Public restrooms can be a tricky thing. You never know who’s going to use them, or what kind of crazy things might happen there. It’s a crapshoot, really. (Yes, that pun was very much intended.)
That said, everyone can agree that surprises in a public restroom are never, ever welcome. Whether it be a stinky mess that someone left behind or—gasp!—discovering that you have no choice but to use single-ply toilet paper, it’s a well-known fact that, when it comes to the lavatory, you want your experience to be as pleasant as possible.
Surely, anyone who uses the rest area at Yarra Bend Park in Melbourne, Australia, expects the same thing. There was one day, however, when a cleaner discovered something that nearly made them soil their britches…
Every day holds something new and exciting for the team at Parks Victoria in beautiful Australia. When a region is that full of incredible wildlife, you’re bound to run into surprises of all different sorts…
But even a hardened Aussie would be shocked to find what one park cleaner discovered!

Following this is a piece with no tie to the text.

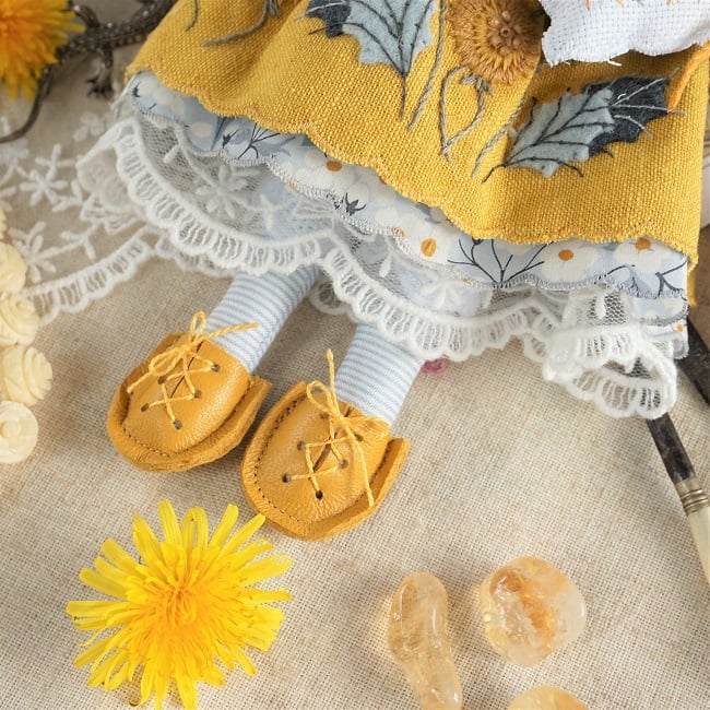 She is softly stuffed with chamomile in her stuffing for a gentle scent and she has a tiny citrine crystal at her heart for love. She has a brass ring to her back in case you want to place her on the wall.

While trying to replace the rest area’s toilet paper in Melbourne’s Yarra Bend Park, they came face to face with quite the sight: an adorable little possum who had made himself a nest.
Park employees were quick to build a small shelter for the little guy, and they promptly moved him into his new home in the park’s trees. You can just barely make out his fluffy tail sticking out of the box…
If the possum in this story looked a little bit different from the possums you are used to, that’s because it was an Australian species of possum—and not an American one. Though they share a name, these animals are actually very different.
There are more than 23 varieties of possum living in Australia. The one in this story was the second largest, and the most common: the brushtail possum. He more closely resembled a squirrel than a possum, actually.
The brushtail possum typically has a pointed face and pink nose, with long oval ears and bushy black tail. In Tasmania, there are three color variations: silver-gray, black, and gold. Possums who live in denser, wetter forests tend to be darker in color.
Australian possums are known for their hearty diet of plant life. They are not affected by most toxins found in the local foliage, giving them much more of a varied diet than other creatures who thrive on the area’s vegetation.
While they will eat almost any plant that they come across, they are the most partial to a diet made up of new chutes and leaves. They are particular fond of fruits and veggies and can destroy an entire garden with their feasting!
The pygmy possum is the smallest variety of possum living in Australia. It might look like a mouse, but he actually has more in common genetically with the American possum than he does a mouse!
Possums can be found all over Australia looking for places to make their homes. They have even been known to creep inside of roofs to build a better insulated nest. The possum who found that toilet paper must have thought that he hit the jackpot!
Who knew that Australian possums were so much more different than their American relatives? Still, one thing’s the same: these little burrowers will do anything to stay nice and cozy.